Research suggests that detailed breakdown reduces underestimation by 25 to 30% compared to high-level estimates. It doesn't eliminate the planning fallacy, because the sub-task estimates are themselves subject to it, but it surfaces the hidden complexity that produces the largest overruns. The combination of task breakdown and reference class anchoring is the most accurate practical planning approach available without a formal forecasting system.
Planning buffers
Adding explicit contingency to estimates is a weaker intervention than RCF but a commonly accessible one. Adding 25 to 50% buffer to any estimate acknowledges the planning fallacy exists without precisely quantifying it. The weakness: buffers are subject to Parkinson's Law (work expands to fill the time available), so a buffered estimate often produces a project that takes as long as the buffered estimate rather than as long as the actual task requires.
Buffers work better as schedule design elements than as estimate corrections. Leaving 20 to 30% of a schedule unblocked, rather than adding 30% to each individual estimate, provides contingency without creating the Parkinson expansion risk at the individual task level. The buffer absorbs overruns structurally rather than inviting them by making every task duration larger.
Frequently asked questions
What is the planning fallacy?
The systematic tendency to underestimate how long tasks will take, how much they will cost, and how many things will go wrong. Identified by Kahneman and Tversky in 1979, it operates through the inside view: people estimate based on imagined optimistic scenarios rather than historical data from similar projects. It affects individuals, teams, corporations, and governments, and is not reliably corrected by experience or awareness.
Why doesn't experience fix the planning fallacy?
Experience does not fix the planning fallacy because overruns get attributed to specific external causes rather than incorporated as base rate evidence. The dependency that wasn't anticipated, the requirement that changed, the technical problem nobody predicted — each is explained as an anomaly. The next estimate begins fresh from an optimistic inside view without updating the underlying model. This attribution pattern is why expertise does not correct the bias.

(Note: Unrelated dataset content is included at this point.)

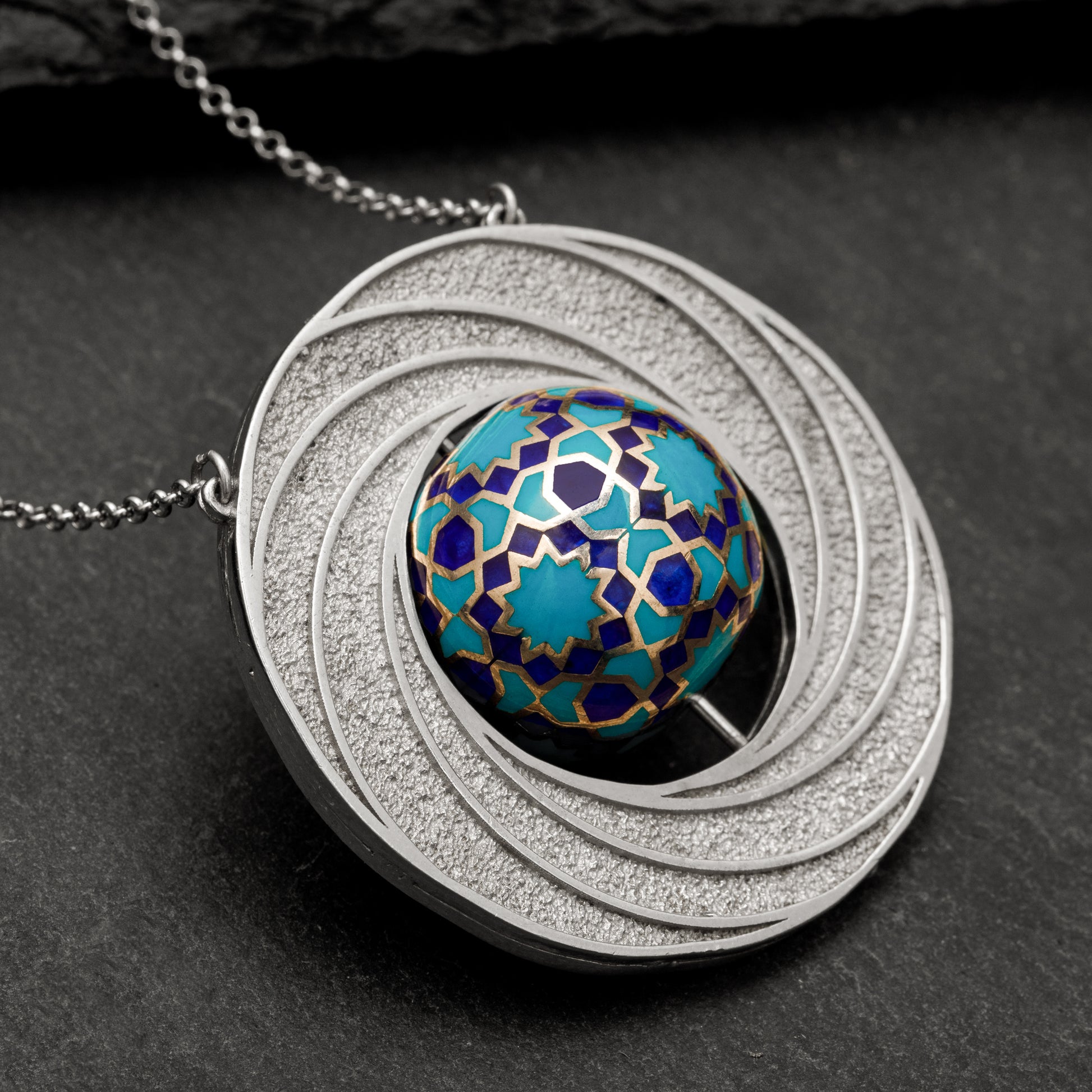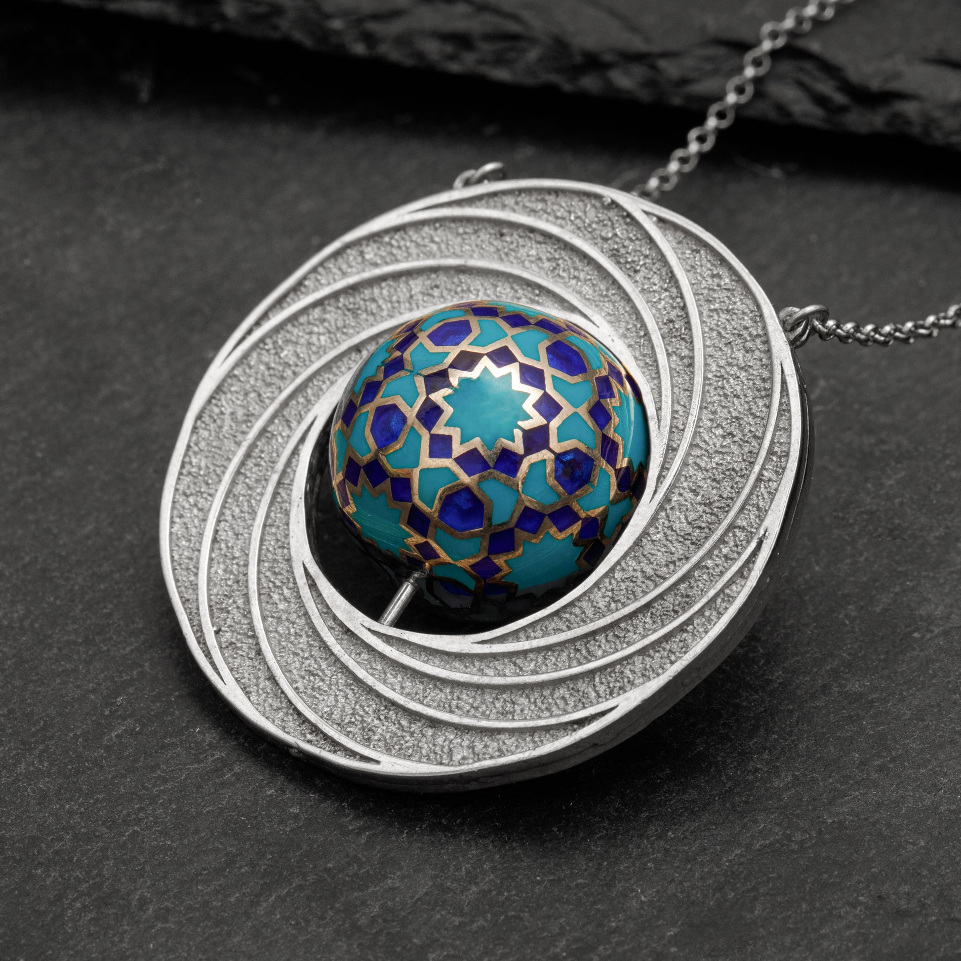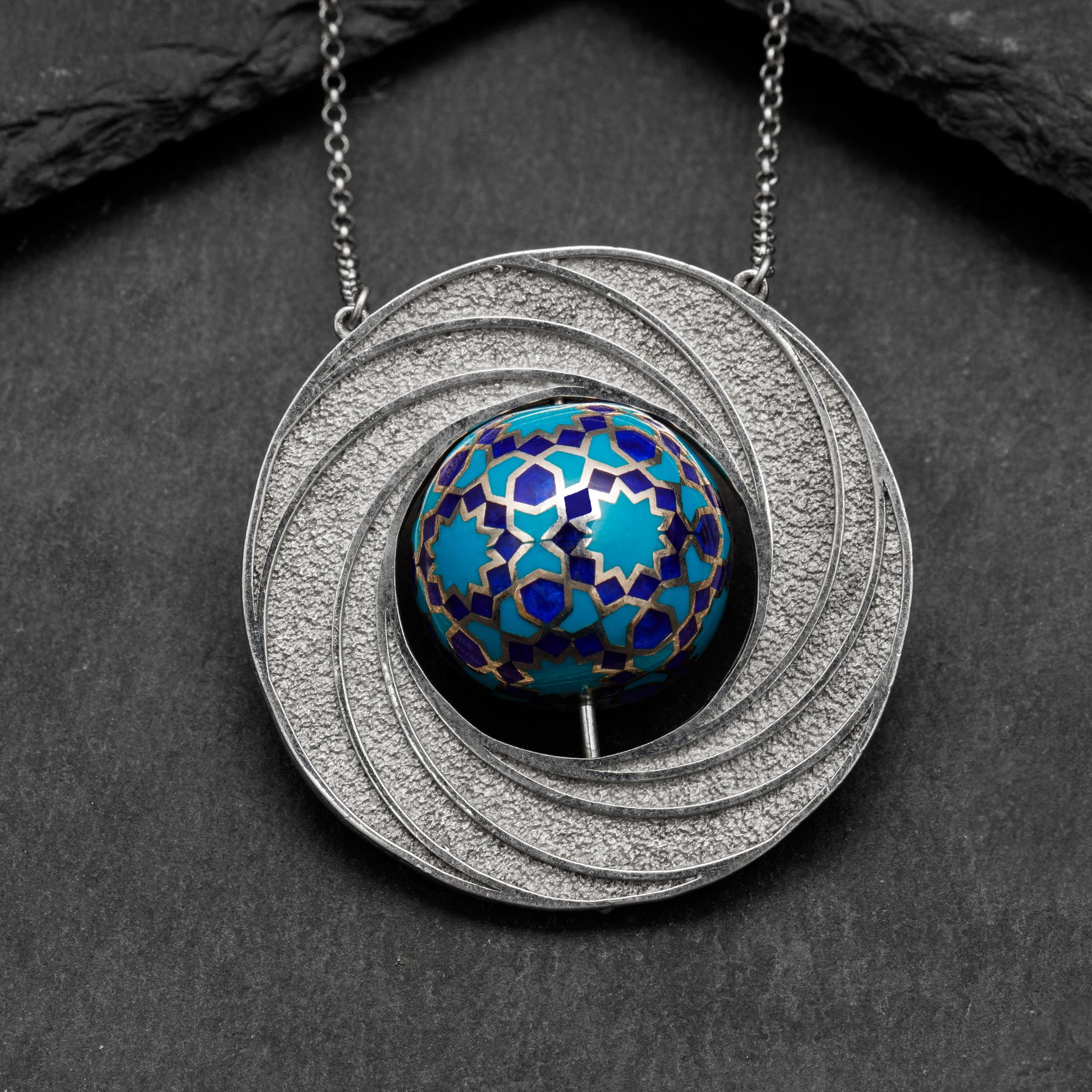 Selçuklu mimarisinden ilham alan zarif geometrik desenlerle tasarlanmıştır. Gümüş çerçevesi, dönemin estetik anlayışını modern bir dokunuşla birleştirirken, ortasındaki mine işçiliği detaylarıyla büyüleyici bir görünüme sahiptir.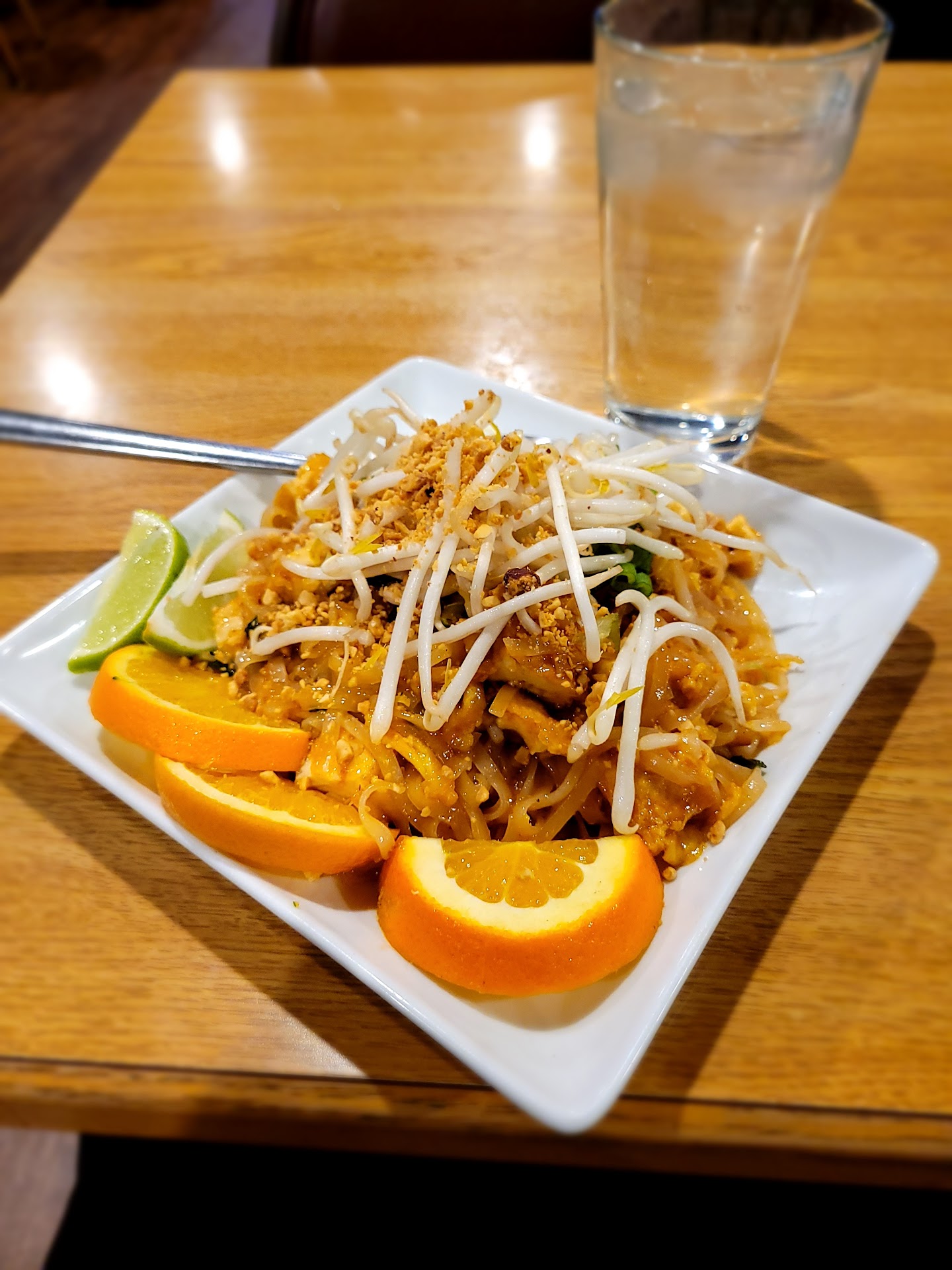 Read moreWe went here for dinner, it got quite busy after 6.00. We started with chicken satay appetizer, love the peanut sauce for dipping& chicken was cooked nicely. We also got but butterflies also. We ordered beef pad Thai, beef pad khee mao, and a yellow chow mein noodle dish. We had one family member that cannot tolerate any spice level, we were told the dishes started with a low level 1 spice... So that was hard for them to eat their dish. The yellow noodle chow mein dish had a fresh flavor, lots of veggies. The beef was velveted nicely. I think the pad khee mao was the better of all the noodle dishes, the flatwide rice noodles were a good texture & fresh veggies. I do prefer to have more sweet & salty sauce than this dish had. I think the spice level it automatically comes with was dominating this pad khee mao dish. The level 3 spice level on our pad thai was extremely hot and drowned out the sweet, salty, sour pad thai sauce flavor profile of the dish. Maybe start with a 1 or a 2. Glad we ordered a thai iced tea to drink. The dishes were big, had leftovers for the next day. There was a huge family eating in there, they had a lot of traditional chef specials on the menu, Maybe we just didn't order the...

What is reference class forecasting?
The most effective intervention on the planning fallacy. Instead of estimating how long this task will take (inside view), identify the category of similar tasks, establish the distribution of actual completion times for that category, and anchor the estimate to that distribution. Developed by Kahneman and formally applied to infrastructure planning, it consistently produces more accurate estimates than conventional planning because it forces the outside view rather than the optimistic inside view.
How do I apply reference class forecasting to my own work?
Track actual completion times for recurring task types over two to three weeks. Use that historical data as the basis for future estimates rather than imagined scenarios. If client proposals average six hours across five tracked instances, estimate six hours for the next one rather than the three hours the inside view scenario suggests. The personal correction factor derived from this data is more accurate than any general heuristic because it reflects your specific work and context.
Does adding buffer time to estimates fix the planning fallacy?
Partially, but with a risk. Buffers acknowledge the planning fallacy without precisely quantifying it. The weakness is Parkinson's Law: work expands to fill the time available, so buffered estimates often produce projects that take as long as the buffer rather than as long as the task requires. Leaving unscheduled slack in the overall schedule works better than adding buffer to each individual estimate, because it provides contingency without creating expansion incentives at the task level.